Wednesday, April 6, 2011

Getting first byte in a char* buffer

I have a char* buffer and I am interested in looking at the first byte in the char* buffer, what is the most optimal way to go about this.

EDIT: Based on the negative votes I might want to explain why this question, I am aware of methods but in the code base that I have been looking for getting first byte people do all kinds of crazy things like do a copy of the buffer , copy it to a stream and then do a get.

From stackoverflow
  • Just use

    char firstByte = buffer[0];
    
    Crashworks : But is it optimum? That costs a whole cycle! ;)
    Eclipse : It could be more if buffer has been paged out - that could be hundreds of cycles. Just to be sure, you should probably lock that memory into RAM so no paging is going to happen.
    Albert : It's possible to ensure some memory doesn't get paged out?
    Johannes Weiß : at least not portable
    Eclipse : In Windows, you can look at VirtualLock (http://msdn.microsoft.com/en-us/library/aa366895.aspx) - but my comment about paging was sarcastic and I don't recommend this as an actual performance enhancing technique.
  • char* c_ptr;
    char first_char;
    
    first_char = c_ptr[0];
    
  • Or this:

    char firstByte = *buffer;
    

    For clarification, there's no difference between *buffer and buffer[0], since the latter is really just shorthand for *(buffer + 0*sizeof(char)), and any compiler is going to be smart enough to replace that with *(buffer+0) and then *buffer.
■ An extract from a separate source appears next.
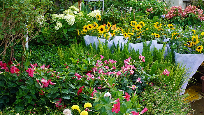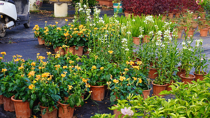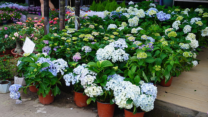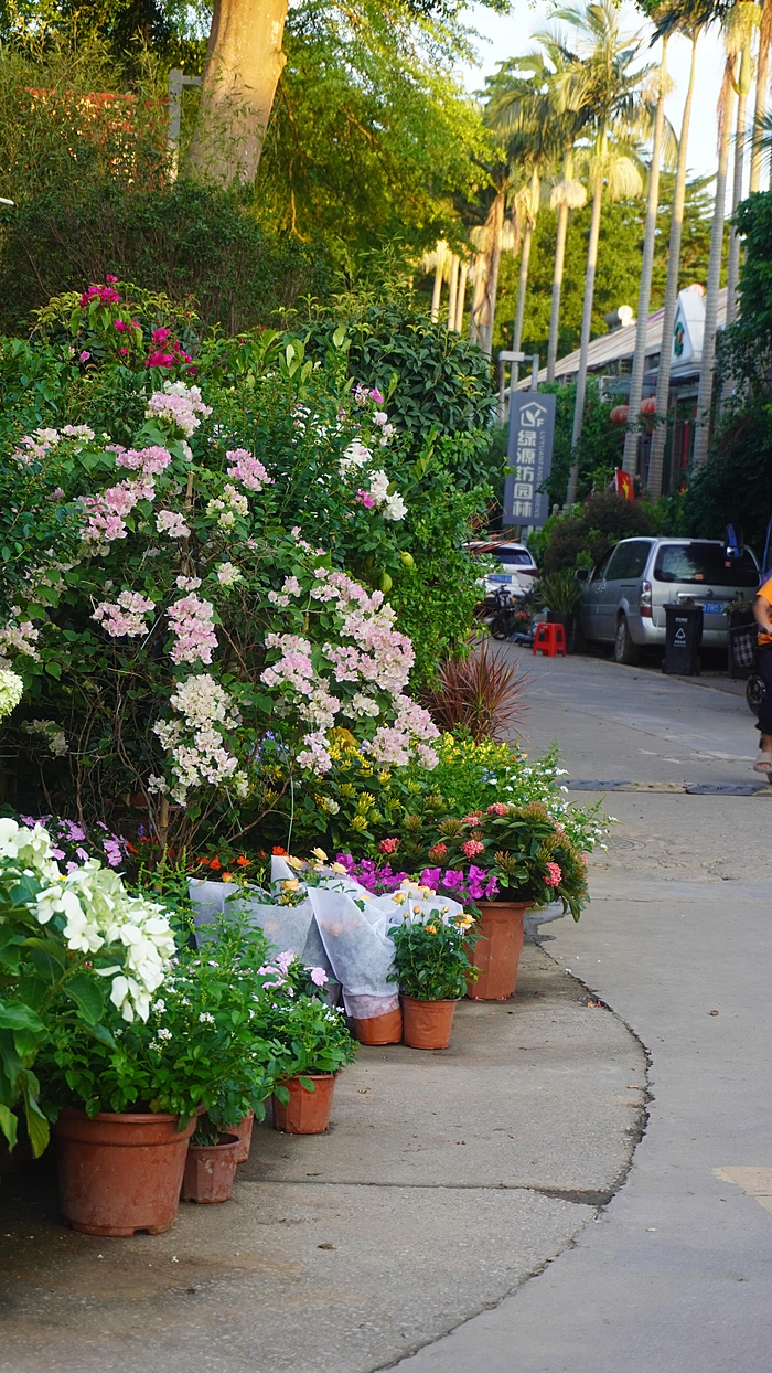 作为花卉中心,这里的植物种类繁多,每个商铺门口都被鲜花绿植环绕,极具观赏性。

So the choice is really whichever is clearest in the context you are using it, not how efficient each one is.

  • char first = someCharPtr[0];
    

    or

    char first = *someCharPtr;
    
  • char *buffer = {'h','e','l','l','o','\0'};
    

    or:

    char *buffer = "hello";
    

    or:

    char buffer[6] = {'h','e','l','l','o','\0'};
    

    and to get the first byte:

    char firstChar = buffer[0];
    

    or:

    char firstChar = *buffer; // since the buffer pointer points to the first element in the array
    
    Chuck : {'h','e','l','l','o','\0'} has six elements.
    Luca Matteis : Eheh, yep, idiot typo.
    Eclipse : There is quite the diffence between char *buffer = "hello"; and char buffer[] = "hello";
    Luca Matteis : Right, I fixed "is equal" to "or".
  • If you're determined to micro-optimize, you should know that every compiler made in this millennium should produce exactly the same machine code for "c = *buffer" and "c = buffer[0]".

    Eclipse : Even my toy class-project compiler can do this optimization ;)
    David Thornley : Since buffer[0] is defined as *(buffer + 0 * sizeof(char)), it isn't a difficult optimization. It's a straight transform, followed by a little precalculation. I'd be shocked at a publicly available compiler that missed this one.
  • Good for x86 platforms...

    char firstByte;
    
    __asm {
       mov al, [buffer]
       mov [firstByte], al
    }
    
  • Just as a clarification of what several people have mentioned--that:

    buffer[0]
    

    is equivalent to

    *(buffer + 0*sizeof(char))
    

    That's not technically true if you assume that's literal C code (i.e. not pseudo code), although that's what the compiler is doing for you.

    Because of pointer arithmetic, when you add an integer to a pointer, it is automatically multiplied by sizeof(*pointer), so it should really be:

    *(buffer + 0)
    

    Although, since sizeof(char) is defined to be 1, it is actually equivalent in this case.